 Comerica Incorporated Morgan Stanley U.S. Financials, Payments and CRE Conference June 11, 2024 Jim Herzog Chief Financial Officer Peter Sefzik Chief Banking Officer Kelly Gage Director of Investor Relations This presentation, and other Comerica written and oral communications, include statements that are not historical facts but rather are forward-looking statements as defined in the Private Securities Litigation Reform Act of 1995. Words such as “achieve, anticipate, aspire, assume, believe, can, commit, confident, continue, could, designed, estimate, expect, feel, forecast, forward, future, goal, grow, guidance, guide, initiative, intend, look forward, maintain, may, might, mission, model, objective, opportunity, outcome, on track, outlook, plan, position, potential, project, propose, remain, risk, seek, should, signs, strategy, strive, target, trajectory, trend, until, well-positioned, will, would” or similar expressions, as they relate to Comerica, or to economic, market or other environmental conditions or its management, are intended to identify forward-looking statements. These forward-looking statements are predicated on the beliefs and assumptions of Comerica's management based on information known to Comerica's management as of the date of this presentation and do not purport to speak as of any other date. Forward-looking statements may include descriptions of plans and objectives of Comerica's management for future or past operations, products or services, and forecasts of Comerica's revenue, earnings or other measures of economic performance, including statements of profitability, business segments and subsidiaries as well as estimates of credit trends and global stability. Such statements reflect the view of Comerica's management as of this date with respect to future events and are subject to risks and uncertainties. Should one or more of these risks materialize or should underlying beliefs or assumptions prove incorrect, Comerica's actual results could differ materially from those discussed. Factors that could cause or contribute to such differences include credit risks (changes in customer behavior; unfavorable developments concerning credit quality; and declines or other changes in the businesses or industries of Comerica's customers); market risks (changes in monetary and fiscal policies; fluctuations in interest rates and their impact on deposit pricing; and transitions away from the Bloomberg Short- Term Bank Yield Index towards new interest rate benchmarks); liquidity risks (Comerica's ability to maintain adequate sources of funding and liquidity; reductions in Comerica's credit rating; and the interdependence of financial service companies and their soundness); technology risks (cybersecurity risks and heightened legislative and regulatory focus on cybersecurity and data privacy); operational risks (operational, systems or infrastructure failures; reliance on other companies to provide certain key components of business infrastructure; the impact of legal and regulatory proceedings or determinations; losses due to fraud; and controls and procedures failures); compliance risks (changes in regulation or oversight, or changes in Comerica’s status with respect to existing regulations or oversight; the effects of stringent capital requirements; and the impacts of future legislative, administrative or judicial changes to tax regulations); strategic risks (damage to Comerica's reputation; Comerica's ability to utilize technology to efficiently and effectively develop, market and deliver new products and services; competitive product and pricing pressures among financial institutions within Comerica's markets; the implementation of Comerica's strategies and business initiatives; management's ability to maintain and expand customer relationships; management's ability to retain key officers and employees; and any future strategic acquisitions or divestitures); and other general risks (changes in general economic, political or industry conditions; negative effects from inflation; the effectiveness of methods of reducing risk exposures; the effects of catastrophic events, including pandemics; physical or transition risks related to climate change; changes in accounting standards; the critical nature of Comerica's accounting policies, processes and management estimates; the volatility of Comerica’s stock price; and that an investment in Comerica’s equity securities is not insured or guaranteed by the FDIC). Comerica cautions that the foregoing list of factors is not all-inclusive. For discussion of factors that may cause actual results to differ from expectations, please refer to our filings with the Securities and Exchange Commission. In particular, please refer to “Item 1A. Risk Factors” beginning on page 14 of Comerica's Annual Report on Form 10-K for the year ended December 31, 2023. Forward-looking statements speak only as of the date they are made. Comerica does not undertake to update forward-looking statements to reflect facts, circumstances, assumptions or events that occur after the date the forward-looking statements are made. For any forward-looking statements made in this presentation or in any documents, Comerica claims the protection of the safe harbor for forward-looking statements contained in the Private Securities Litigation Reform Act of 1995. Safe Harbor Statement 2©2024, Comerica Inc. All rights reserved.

...

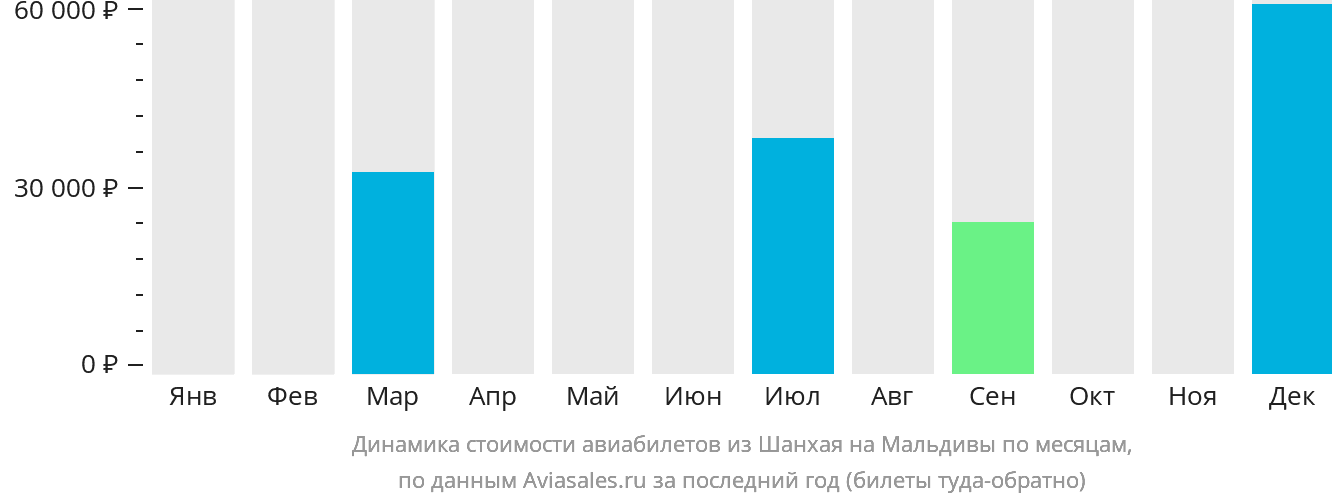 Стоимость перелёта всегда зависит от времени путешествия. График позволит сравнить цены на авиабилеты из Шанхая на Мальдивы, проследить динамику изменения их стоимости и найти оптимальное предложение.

* * *

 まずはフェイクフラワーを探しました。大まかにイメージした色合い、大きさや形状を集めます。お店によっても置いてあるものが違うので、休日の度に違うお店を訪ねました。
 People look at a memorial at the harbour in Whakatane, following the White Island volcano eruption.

Exercise:
Word for word, restate the lines of the listing above starting at the line with "まずはフェイクフラワーを探し" and ending at the line with "People look at", and nothing outside them.

Solution to the exercise:
 まずはフェイクフラワーを探しました。大まかにイメージした色合い、大きさや形状を集めます。お店によっても置いてあるものが違うので、休日の度に違うお店を訪ねました。
 People look at a memorial at the harbour in Whakatane, following the White Island volcano eruption.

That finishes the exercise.